The senior Administration official explained that this repayment would be made by subjecting people who elected the private accounts to an additional reduction in their Social Security benefits (over and above any cuts that may be imposed to restore solvency). The additional benefit reduction would be made by lowering these individuals’ Social Security benefits each month by an amount equal to the monthly income that would come from their account if the account had earned a three percent real rate of return (the assumed rate of interest on Treasury bonds). As a result of this additional benefit reduction, people opting for the accounts would get no net gain from the accounts unless their accounts produced a return higher than three percent above the inflation rate. If the return on their accounts was lower than three percent above the inflation rate, people would lose money as a result of the private accounts, and that loss would be on top of the other Social Security benefit cuts (such as price indexing) to which they were subjected. (The senior official stated in the briefing: “So, basically, the net effect on an individual’s benefits would be zero if his personal account earned a 3 percent real rate of return.” A reporter then asked: “So he would only get a benefit to the extent that his portfolio performed in excess of 3 percent [above inflation]?” The senior official replied: “Right.” See transcript, page 8.)
As a result, for many workers, the private accounts in the plan would not offset any of the reductions in Social Security benefits that would be part of the plan. For these workers, their entire private account balance would be recaptured by the government when they retired.
 Traditionally, the Social Security actuaries release a memo showing the impacts of Social Security proposals over 75 years.
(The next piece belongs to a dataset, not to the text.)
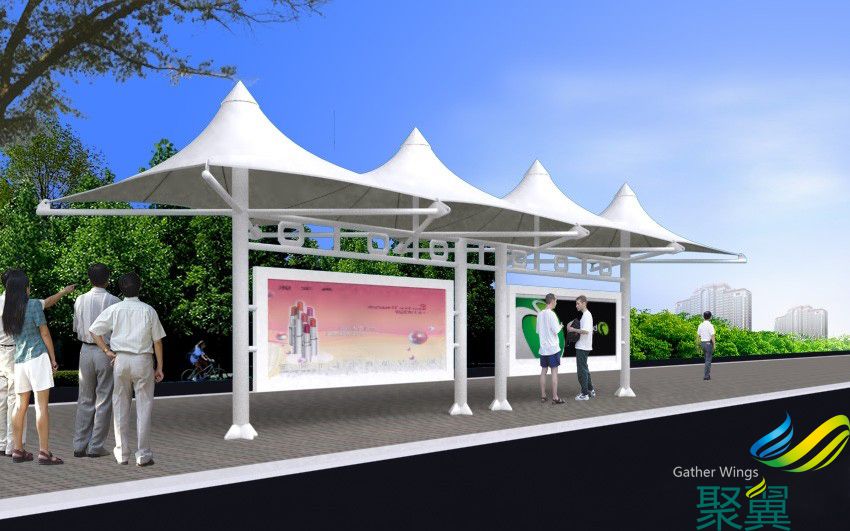 公交站候車廳膜結構候車廳遮陽篷設計及其他款式:

In this case, the actuaries memo shows only 10 years of the plan (see Stephen Goss, Chief Actuary, Social Security Administration, “Preliminary Estimated Effects of a Proposal to Phase In Personal Accounts,” February 3, 2005). As a result, all estimates in this paper are based on a conservative extrapolation of the data past the first 10 years.
Specifically, the White House has not formally decided what happens to the maximum account contribution after 2015, although Administration officials have stated that, “Yearly contribution limits would be raised over time, eventually permitting all workers to set aside 4 percentage points of their payroll taxes in their accounts.” All estimates here assume conservatively that the contribution limits would not continue to be raised after 2015 (beyond the standard indexing for wage inflation) and thus that the accounts would be less than four percent for many middle and upper-income workers. With four percent accounts for everyone, the adverse fiscal impacts of the plan would be larger; for example, the plan would add $5.1 trillion to the debt over its first 20 years (2009-2028), rather than $4.9 trillion.